I am inclined to agree with Wolfgang on this in general. However, it can sometimes happen that senior scholars don’t fully appreciate the career stage of being a junior scholar. Here, it may make sense for you to try for the best journal you can and risk getting rejected as not a good fit. I think there is a distinction between getting rejected for fit and quality. It is not clear if this is being fully considered.

You might try negotiating in one of two ways: you could propose that you spend a week working toward the deadline and see if you get far enough that he agrees you will be able to produce a quality manuscript. And/or you could propose sending it to some third party for a “friendly review” and recommendation on which of the journals to try for. Basically, I would recommend you get to work (rather than make accusations) and the “winner” of this argument will become self-revealing.


I see no reason to think that anything unethical is happening here. I'm not saying you are definately wrong, these things do happen, but I see no reason to think this is the likely explaination. Unless you have other evidence, i'd be very careful about saying anything to anyone else about these accusations, as you risk turning what is now a slightly irritable difference of opinions into a major breakdown of your relationship with an importnant source of support.
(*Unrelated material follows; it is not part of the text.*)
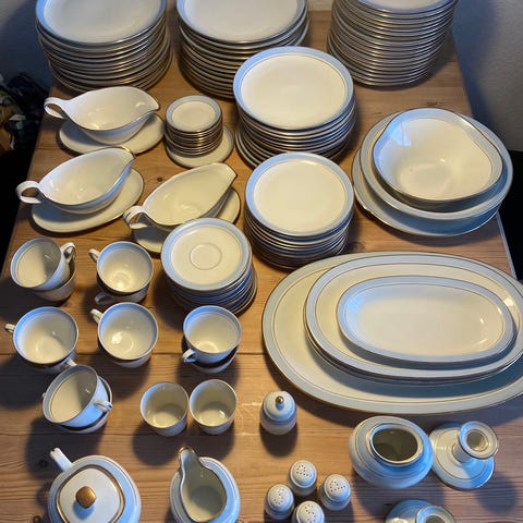Smukke velbevarede dele i spisestellet Fredensborg dekoreret af KPM Kjøbenhavns Porcelains Maleri A/S

I agree with others. If this journal really is a "top" journal, there is no way you can write a paper in 3 weeks. I say it takes at least 3 months to pull a paper together for a glam journal.

For the fit, I guess it would be possible to do a pre-submission enquirey as to fit. Paritcularly if you already have some professional connection to the editor in charge.

Re-review is a real problem. You don't want to just chuck something in on the off-chance as at best you are burning the people best qualified to judge the work as potential reviewers.